What do parents of donor conceived children need to know?

Selected short answers from the 2020 We Are Donor Conceived survey

Your child is a human and has the right to know who they are. Just because they want to meet their donor parents doesn’t mean they are going to abandon you or love you any less. Hiding the truth from them will only hurt and damage your relationship with them.
Sperm and egg donor conceived person from USA, age 27

It is not okay to withhold information about your child, from your child. Please be honest and supportive from the start. Just because it was the best option for you doesn’t mean your child will agree or feel good about it. Don’t make up some fancy story about a ‘sweet man’ who isn’t their father. Please don’t.
Sperm donor conceived person from Belgium, age 32

Your children have the capacity to love you AND have a relationship with their DC family.
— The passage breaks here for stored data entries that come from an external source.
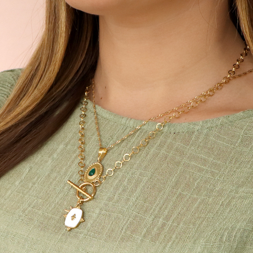 In this inspirational set we will show you that you can create beautiful jewellery with limited items. Choose a belcher chain and a nice clasp like a toggle clasp and attach the stainless steel charms onto the chain using jump rings. This way you can easily create a beautiful necklace or bracelet. To realise matching earrings, you can choose your favourite earring findings and combine them with the stainless steel charms.
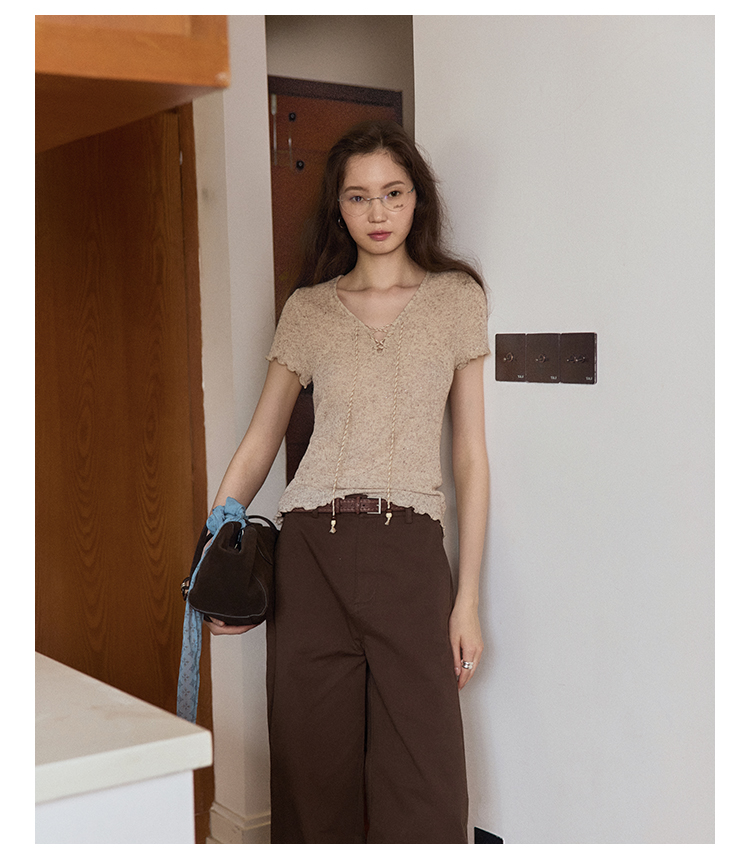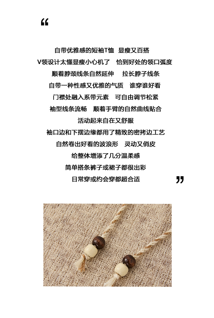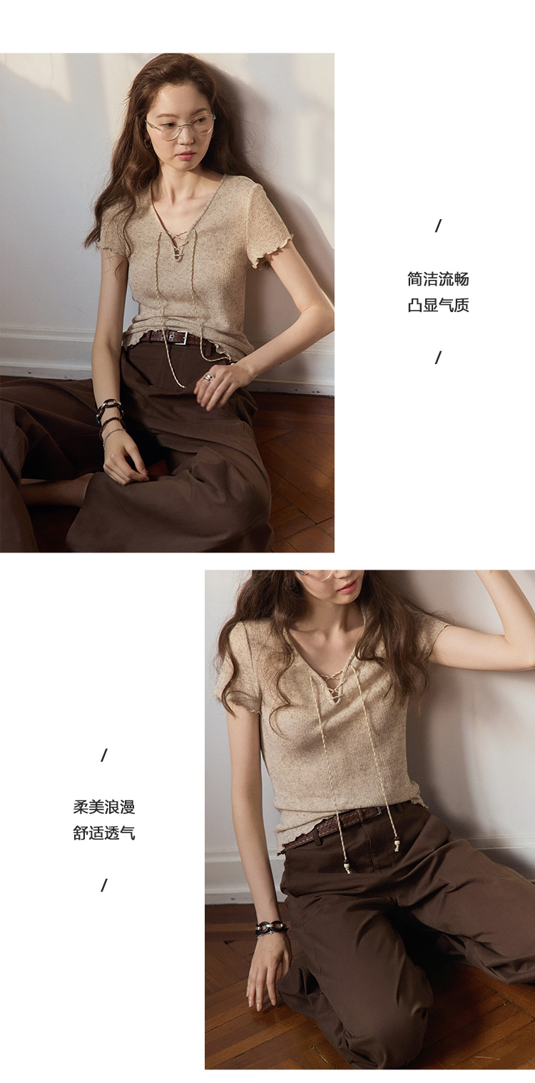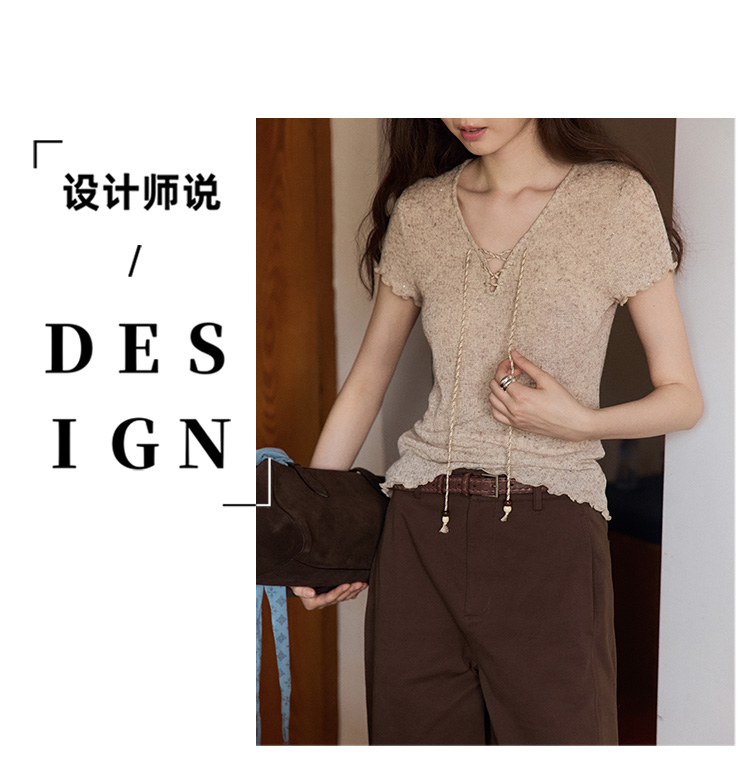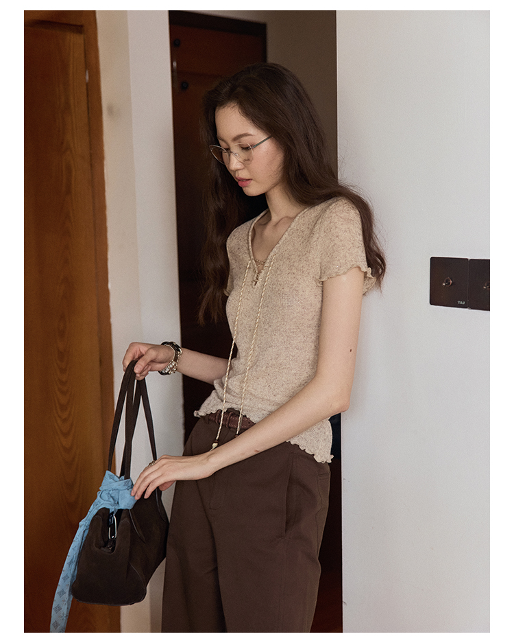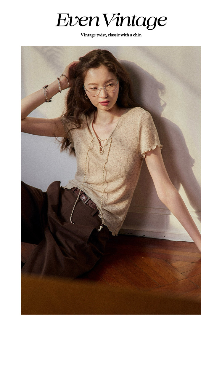 Even Vintage |亚麻混纺 闪闪微光V领系带复古针织透气短袖上衣
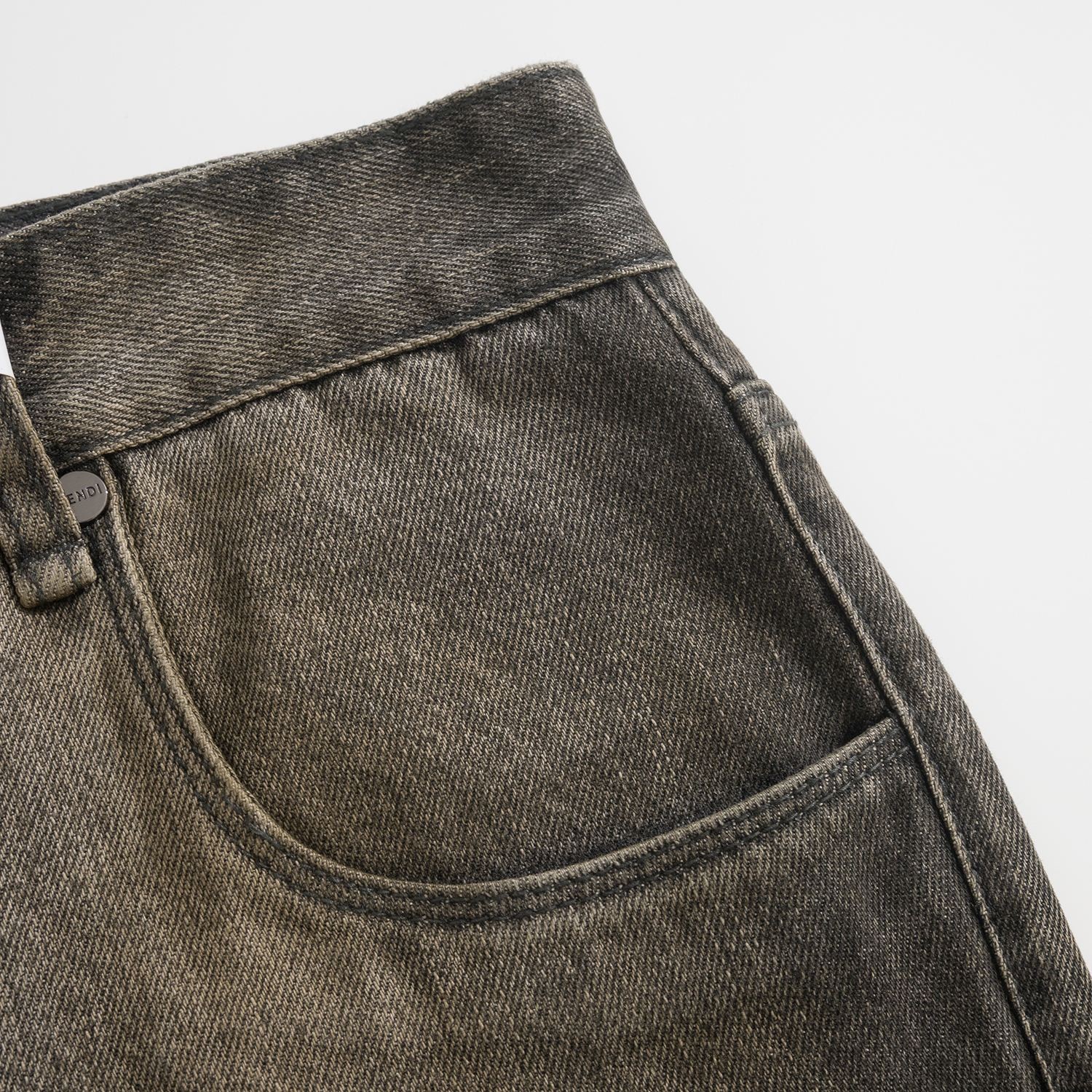 고객님께서 지금보시고 계시는 상품은 Fendi 2025 F/W 컬렉션의 로마 로고 오버다이 스트레이트 데님 팬츠입니다. 고밀도 데님 원단에 오버다이 공정을 적용하여 깊이 있는 그레이 컬러와 자연스러운 색감 변화를 표현한 제품으로, 세련된 분위기와 빈티지한 감각을 동시에 연출합니다. 클래식한 스트레이트 핏과 5포켓 구조를 기반으로 제작되어 안정적인 실루엣과 실용성을 갖추었으며, 다양한 스타일에 자연스럽게 어우러지는 것이 특징입니다. 전면에는 커스텀 리벳과 버튼이 적용되어 디테일 완성도를 높였으며, 히든 지퍼 클로징으로 깔끔한 착용감을 제공합니다. 후면에는 가죽 패치가 더해지고 FENDI Roma 로고가 엠보싱 처리되어 브랜드 아이덴티티를 강조합니다. 은은한 실버 톤 금속 디테일이 전체적인 디자인에 고급스러운 포인트를 더해주며, 데일리부터 스타일링까지 폭넓게 활용 가능한 프리미엄 데님 팬츠입니다.

Hiding the truth will not protect them or your relationship.
Sperm donor conceived person from USA, age 32

Please keep the door open and allow your child(ren) to be curious about where they came from. It’s not a personal attack if your child wants to know their genetic history. It’s their right and it’s not information that should ever be withheld.
Sperm donor conceived person from USA, age 28

The truth is that biology does matter. Also, there is room in our hearts to love and care about more than two parents. Please do not deny us the right to know our biology because you are afraid it will make us love you less.
Sperm donor conceived person from USA, age 30

Your children’s needs are more important than your feelings. Period. If you can’t accept that your child will have more than just two branches on their family tree, don’t have a DC child. Don’t have a DC child if you can’t handle the child wanting to know/have a relationship with their other biological parent(s).
Sperm donor conceived person from USA, age 24

They need to know that if having a genetic connection to their child is important to them, it will likely be important for their child to know their full genetic parents.
Sperm donor conceived person from USA, age 45

Address any residual grief related to your inability to conceive. Always act in the best interest of the child that you have created. Do not ask the child you created to parent and support you.
Sperm donor conceived person from USA, age 43

Anonymity and lying is NOT acceptable. Also, you can raise your child in a very loving supportive home, but that doesn’t mean they won’t have a strong need to know where they come from. This isn’t about you, it’s about them and their feelings and needs. You made a choice that they are forced to live with forever, so you need to support them in every way you can.